Are you planning an exclusion diet, or just reckoning to use ingredients that you know Ranger is not allergic to? I feed a home prepared diet based upon chicken, beef, lamb, eggs and oily fish. The minced meat I get contains 10% ground bone and 10% offal. Before I found a good supplier of meat prepared for dogs I bought the offal (liver, kidney etc) separately, and used ground eggshell as the calcium source. I add mixed vegetables at the rate of about 200 grammes veg to 1 kilo of meat, or 1:5 by weight. Each week the dogs get several meals of raw chicken wings or raw tripe, a can of sardines between them, and usually one or two meals of scrambled eggs - the rest of the meals are the meat mix. I don't add any carbohydrate as my dogs are small and don't need the extra calories. It sounds complicated, but once you have worked out your dog's needs and what they can and cannot eat (no turkey for Sophy!) it quickly becomes second nature. I cook up big batches and freeze meal size portions - the days I forget to defrost a meal are when they get eggs or sardines!

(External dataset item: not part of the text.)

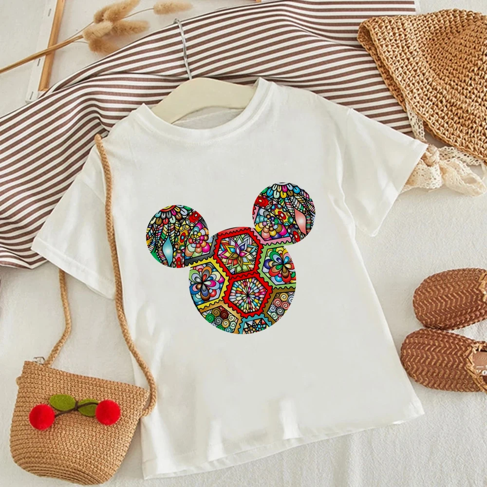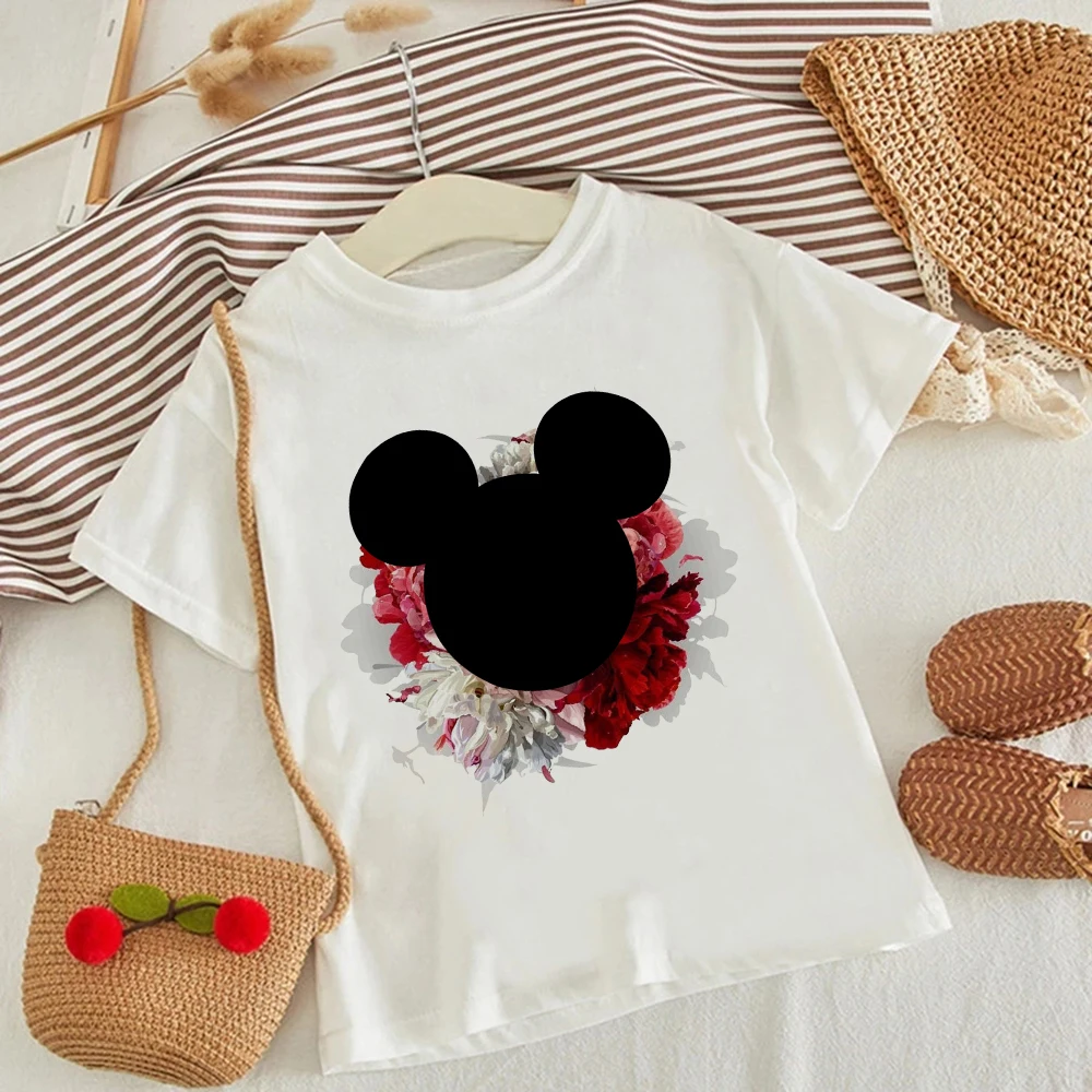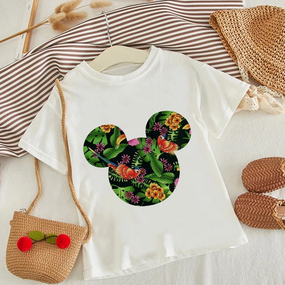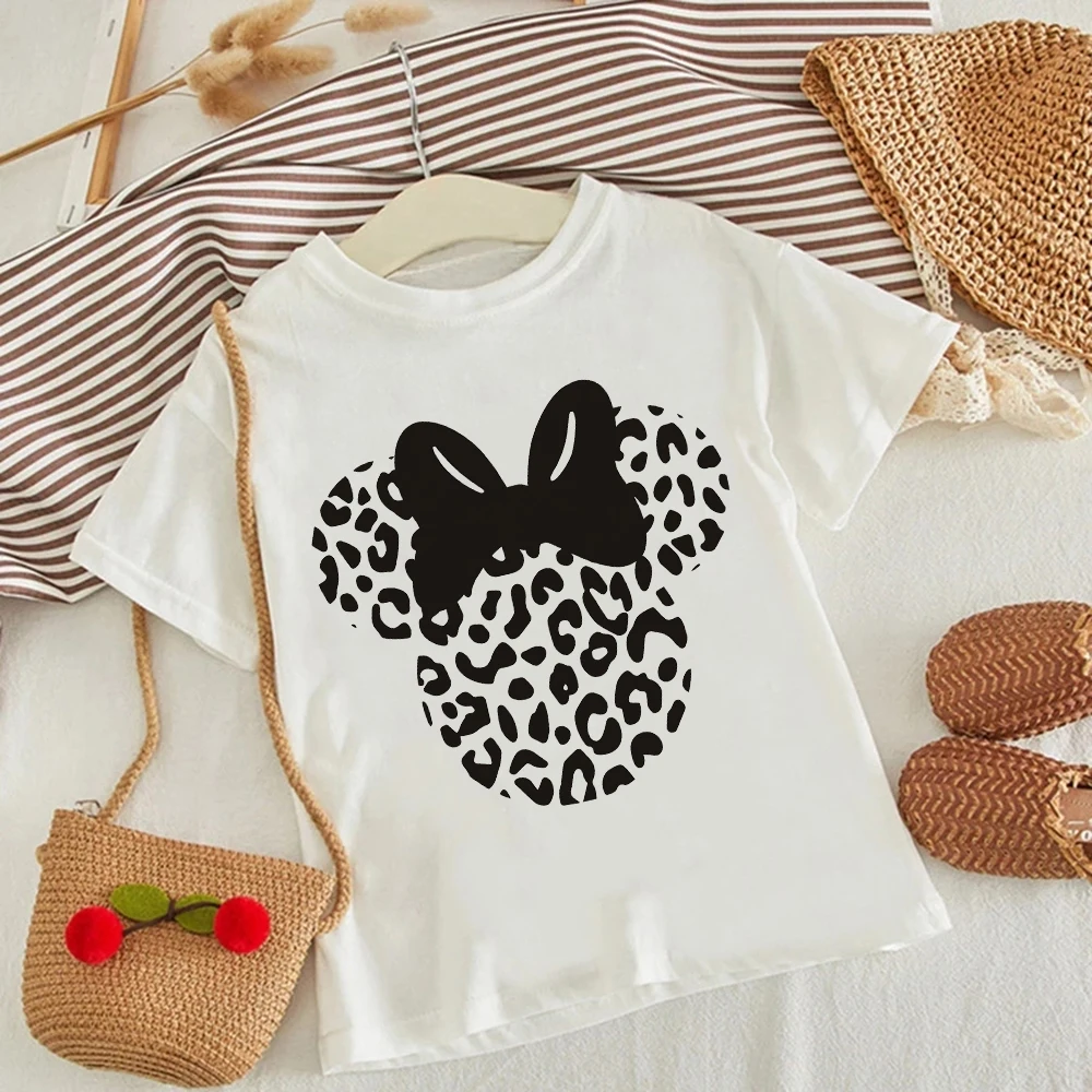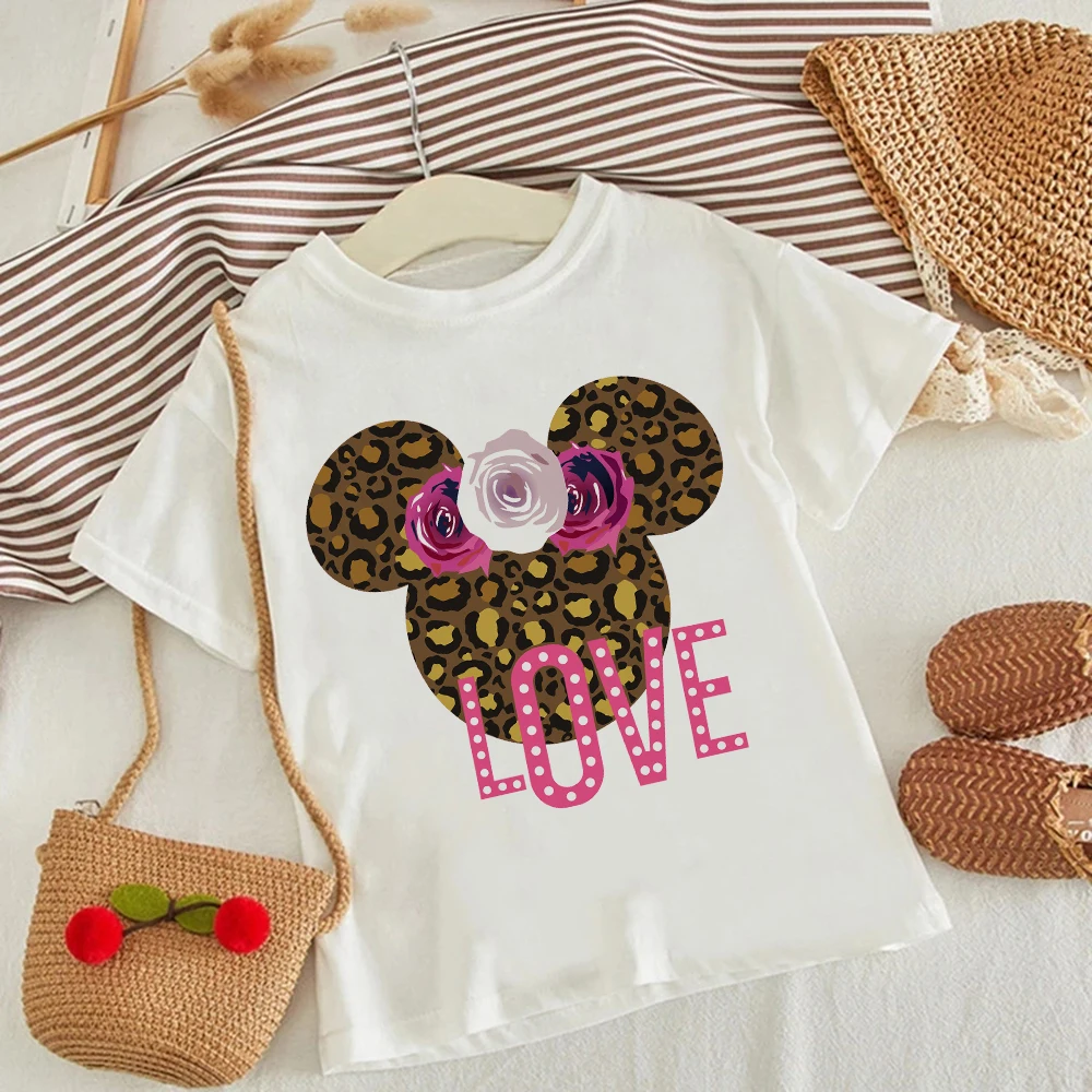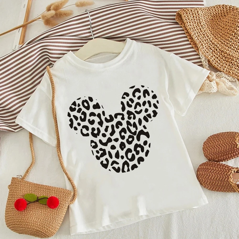 Футболка с Микки Маусом, летняя футболка с леопардовым принтом для детей, модный топ с короткими рукавами для малышей, повседневная футболка с героями мультфильмов, футболка для мальчиков и девочек

I have found DogAware.com: Diet & Health Info for Man's Best Friend very helpful when it comes to home made diets.


----------



## RangersMom (Aug 7, 2015)

Thank you both for responding! I just don't know where to start is my problem and that recipe looked easy. But the rice was not sitting well with me! And the supplement seemed over the top. I think Ranger's problem is the rice and/or wheat that is already in his kibble. Instead of moving up to a higher quality kibble, I thought I would research a home made or raw diet.


----------



## fjm (Jun 4, 2010)

Take a look at DogAware in the link above - loads of helpful information on both home made and raw diets.


----------



## RangersMom (Aug 7, 2015)

Thank you! I sure will!


----------



## JudyD (Feb 3, 2013)

I agree. It looks like that website's primary intent is to sell the supplements. But they are right about one thing--that is a deficient diet, and who knows if the supplements actually correct the deficiencies.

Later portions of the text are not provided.